Omit all pictures, then repeat the listing exactly.

=== Section Start ===

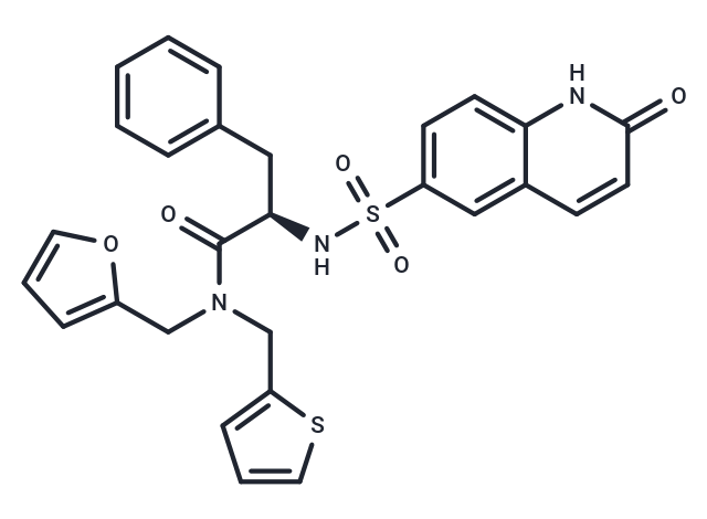 | Smiles | [C@@H](C(N(CC1=CC=CO1)CC2=CC=CS2)=O)(NS(=O)(=O)C=3C=C4C(=CC3)NC(=O)C=C4)CC5=CC=CC=C5 |
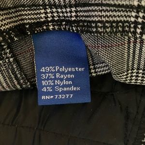 These are NWOT Apt. 9 Plaid Pants in black grey, white and burgundy/red. There are two front pockets, two faux back pockets and a stretch waist. Really cute, Business/ Casual, Classy. Size: 10P. 49% polyester, 37% rayon, 10% nylon, 4% spandex.
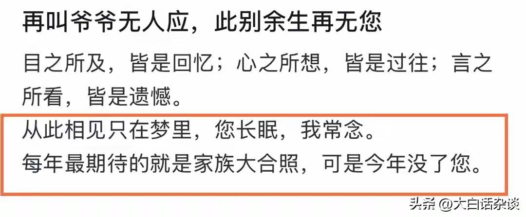 从老人生前的照片来看,很朴实,只是脸稍微有些浮肿,对孙子应该是百般疼爱,所以爷爷去世后非常难过。
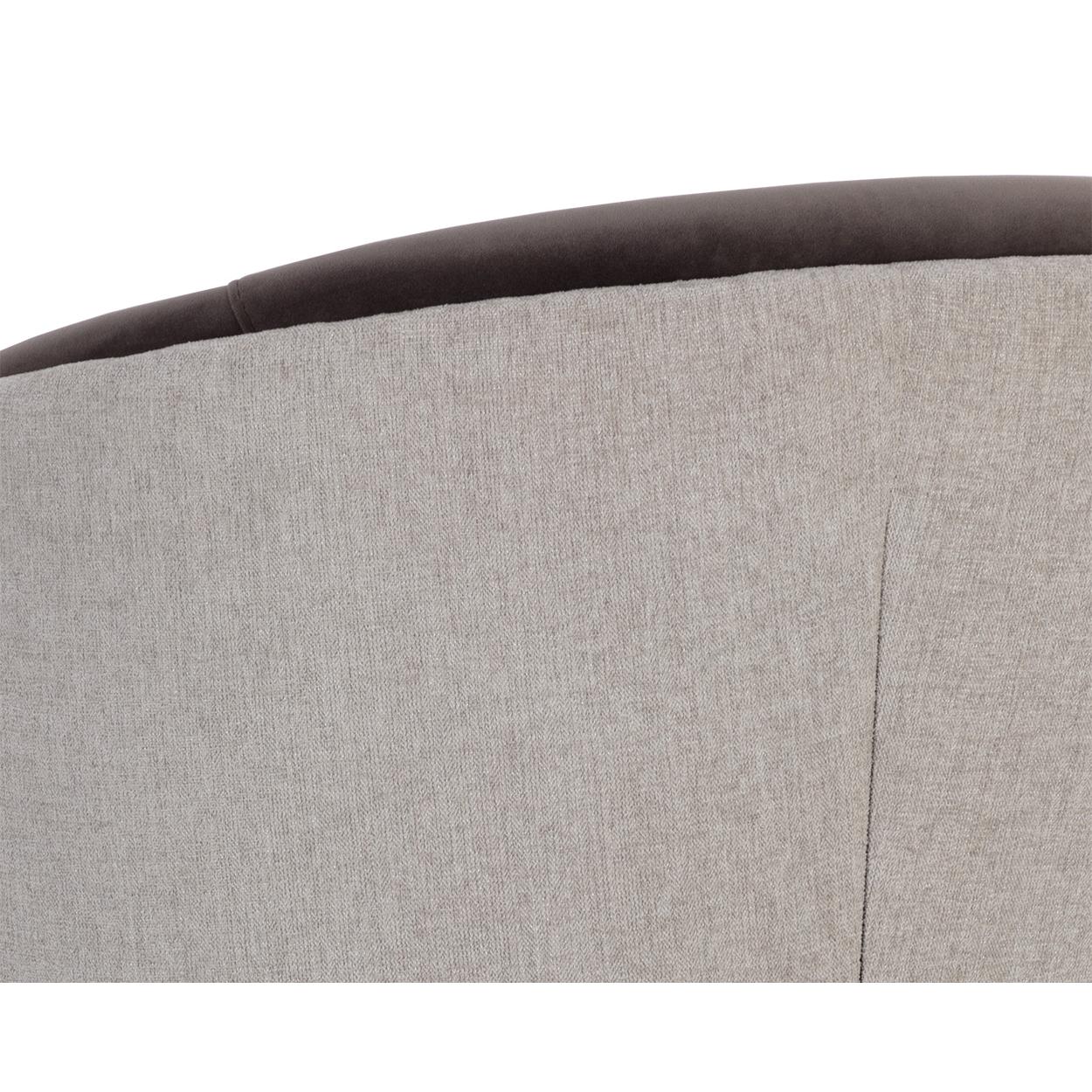 With an alluring barrel back seatback, this stunning lounge chair will add a touch of comfort to any space. Features an upholstered exterior and seat in ernst sandstone fabric, and completed with coordinating meg ash fabric on the interior seat and legs.
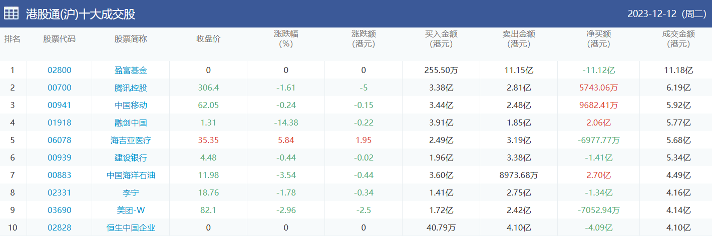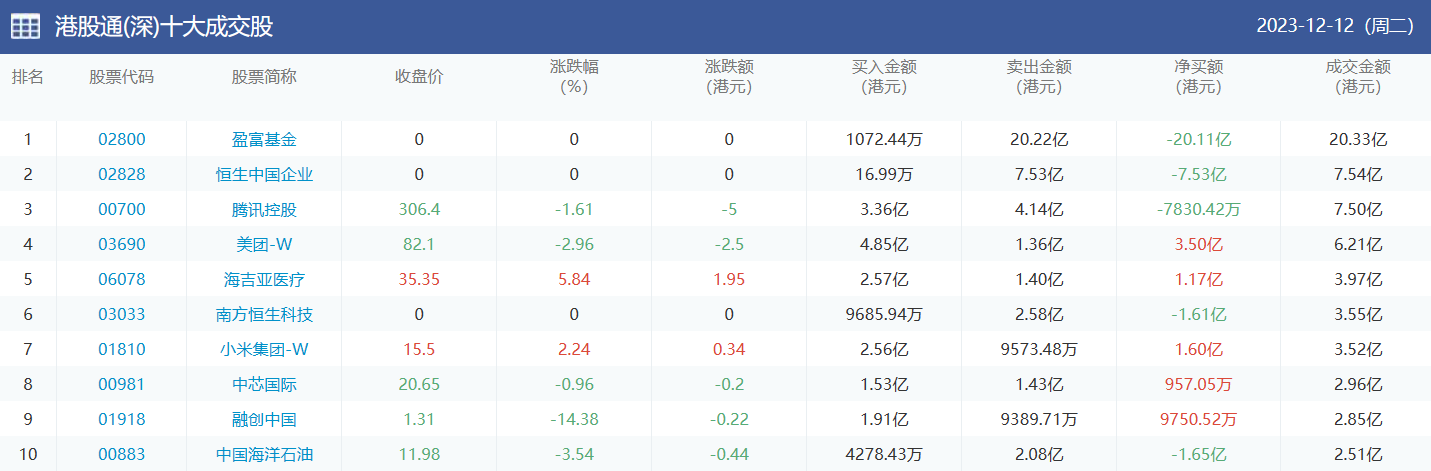 亚汇网实时数据统计:截至12月13日收盘,盈富基金、腾讯控股、中国移动位居港股通(沪)成交前三,盈富基金、恒生中国企业、腾讯控股位居股通(深)成交前三。

=== Section End ===

- **Solution for this task**
 | Smiles | [C@@H](C(N(CC1=CC=CO1)CC2=CC=CS2)=O)(NS(=O)(=O)C=3C=C4C(=CC3)NC(=O)C=C4)CC5=CC=CC=C5 |
 These are NWOT Apt. 9 Plaid Pants in black grey, white and burgundy/red. There are two front pockets, two faux back pockets and a stretch waist. Really cute, Business/ Casual, Classy. Size: 10P. 49% polyester, 37% rayon, 10% nylon, 4% spandex.
 从老人生前的照片来看,很朴实,只是脸稍微有些浮肿,对孙子应该是百般疼爱,所以爷爷去世后非常难过。
 With an alluring barrel back seatback, this stunning lounge chair will add a touch of comfort to any space. Features an upholstered exterior and seat in ernst sandstone fabric, and completed with coordinating meg ash fabric on the interior seat and legs.
 亚汇网实时数据统计:截至12月13日收盘,盈富基金、腾讯控股、中国移动位居港股通(沪)成交前三,盈富基金、恒生中国企业、腾讯控股位居股通(深)成交前三。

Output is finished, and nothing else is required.